Un nuovo esercito di chierici si affaccia al balcone della storia contemporanea. Non solo perché asserviti, ma soprattutto perché intrinsecamente clericali, preteschi nei modi e nell’anima — e perfino nella fisiognomica. 

L’attacco all’ultimo trentennio di vita dell’Università Cattolica delle ultime settimane non sorprende. Anzi appare semmai un pretesto, tenuto conto che, semmai, se ci fosse un appunto da fare all’ateneo di padre Gemelli, sarebbe proprio che sta correndo il rischio dell’insignificanza culturale.



Ma la questione interessa poco ai detrattori. Sanno bene che le sorti del Paese ormai si giocano nei palazzi del potere e delle curie. L’università è invece un pretesto, una patente per potersi iscrivere al ristretto circolo dei chierici. 

Lo schema è sempre lo stesso: la patente reca come imprinting anagrafico l’essere “democratici” e “moderni”. Ciò che non è conforme è ovviamente fascista e reazionario.



Così era fascista Gemelli e reazionario il suo progetto culturale, anche se — per una sorta di eterogenesi dei fini (categoria che agli storici piace molto — il risultato poi è stato diverso e perfino contrario. Nell’ateneo dei fascisti si è formata la prima classe dirigente democratica. Ma questo attiene al passato. Oggi occorre dire altre cose, indicare mandante ed esecutori di un progetto culturale antimoderno e antidemocratico, di una crociata contro il mondo che contrasta con la liberalità pretesca di chi tutto accomoda e tutto blandisce. Ovviamente pro domo sua. 

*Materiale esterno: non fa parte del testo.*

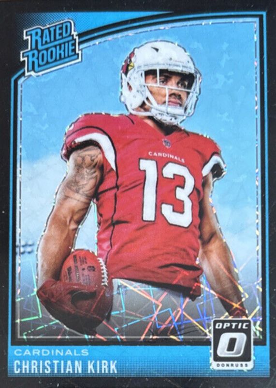 This card is 1 of 42 Christian Kirk's card variations in the 2018 Optic set being tracked by Sports Card Investor, including Base, Bronze, Green Velocity, Holo, and Pink.

Il mandante sarebbe nientemeno che un Santo, quel Giovanni Paolo II che aveva in mente una restaurazione del Regno di Cristo qui e ora. Gli esecutori, quella truppa di fanatici cresciuti alla scuola di don Giussani. Lo strumento — uno degli strumenti — l’Università dei cattolici italiani che nel “Medievalismo” aveva una guida ed una strategia.



Sembra di aver fatto passi indietro di decenni. Non solo perché la storiografia ha umilmente ricostruito la complessità di una vicenda articolata, in cui si sono sovrapposti piani diversi, e in cui l’attenzione alle molteplici sfaccettature degli uomini ha prestato ascolto.

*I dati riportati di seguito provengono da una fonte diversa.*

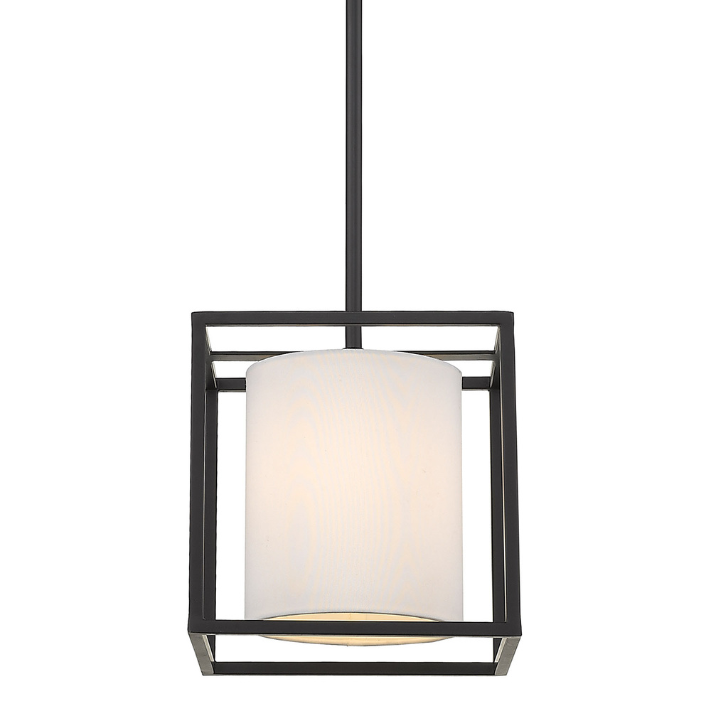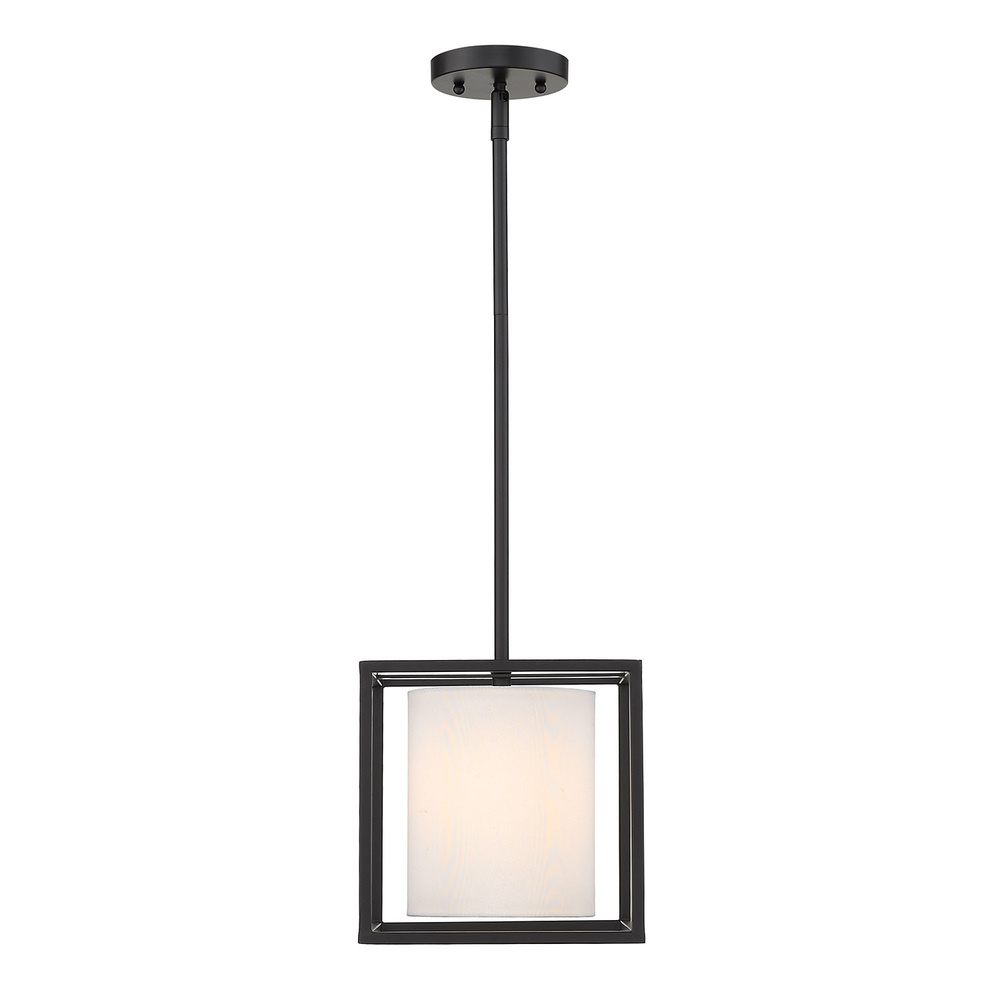 Bring modern elegance into your home with the Golden Lighting Manhattan 1-light Pendant in Matte Black. Featuring a fabric shade and a sleek matte black frame, it creates a welcoming atmosphere. The Modern White fabric shade offers a crisp, clean look that is bright and fresh, crafted from high-quality fabric with a fine, linear weave. Its matte finish ensures a soft, diffused glow, adding a touch of effortless style to any room. The matte black finish is timeless and versatile, providing an understated elegance that complements virtually any decor. This pendant light is perfect for kitchens, dining rooms, and even entryways, and is rated for damp locations, making it suitable for covered and semi-enclosed spaces like bathrooms and laundry rooms. The convertible design features an adjustable height, allowing for installation as a semi-flush mount or pendant, with hanging heights ranging from 11.625" to 53.625". Overall dimensions are 9"W x 9"H x 9"D, and it requires 1 E26 Medium base bulb (not included) with a maximum wattage of 60. Add a stylish statement with the Golden Lighting Manhattan Pendant, ideal for creating atmosphere and quality in your living space.

Ma i chierici non sono né umili né attenti alle sfaccettature. Dispensano patenti, condanne e assoluzioni. Non possono neppure concepire che il lavoro dello storico è quello di comprendere e assai poco giudicare. 

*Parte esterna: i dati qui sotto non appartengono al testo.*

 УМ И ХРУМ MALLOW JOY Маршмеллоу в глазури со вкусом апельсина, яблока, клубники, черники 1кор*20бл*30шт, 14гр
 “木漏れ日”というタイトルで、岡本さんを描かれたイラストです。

D’altra parte non possono neppure ammette che vi possa essere una variegata pluralità di esperienze culturali — e pure di strategie culturali. Ciò che sfugge alla loro comprensione viene condannato come eresia.

L’eresia principale, nel nostro caso, è il tentativo, lungo un secolo, di comprendere quale ruolo i cattolici potessero avere e potranno avere nella società secolare, non come anonimi bigotti attaccati sudditamente alle tonache dei preti, rinchiusi nelle cappelle a pregare e superflui al mondo, ma come padri e madri, professori, medici, operai, impiegati… insomma come cittadini.

Il tema della cittadinanza della fede è stato a lungo dibattuto soprattutto negli anni Novanta. Certo, gli anni di Giovanni Paolo II e dello sfortunato “Progetto culturale”. Oh, gli stessi che ora vorrebbero ricacciare il tema dell’identità dentro le catacombe, allora pontificavano, e assai, in convegni, congressi e assise varie. 

La questione resta, e intatta, nonostante i tentativi di rinchiuderla nella sfera innocua della coscienza. Questa è la stagione dei laici clericalizzati, che parlano come i preti, strascicando le parole come nella più becera omiletica, che strabuzzano gli occhi quando parlano della Chiesa moderna (e citano assai poco Gesù Cristo), della democrazia e via dicendo. Spezzano la storia in segmenti e in pontificati, promuovendo l’uno e bocciando l’altro… Per ora, in verità, sono quasi tutti bocciati escluso Papa Giovanni (perché ritenuto innocuo) e ovviamente il Papa regnante. Resta il silenzio della Cattolica, non si capisce se perché condivide la tiritera, se per paura o se perché ha poco da dire. In questo caso, altro che egemonia reazionaria. Essa potrebbe esser dunque pronta a cadere nelle mani dei chierici. Si aprirebbe così una nuova stagione di formazione di mezzi uomini e mezzi preti, pronti a benedire, assolvere e condannare.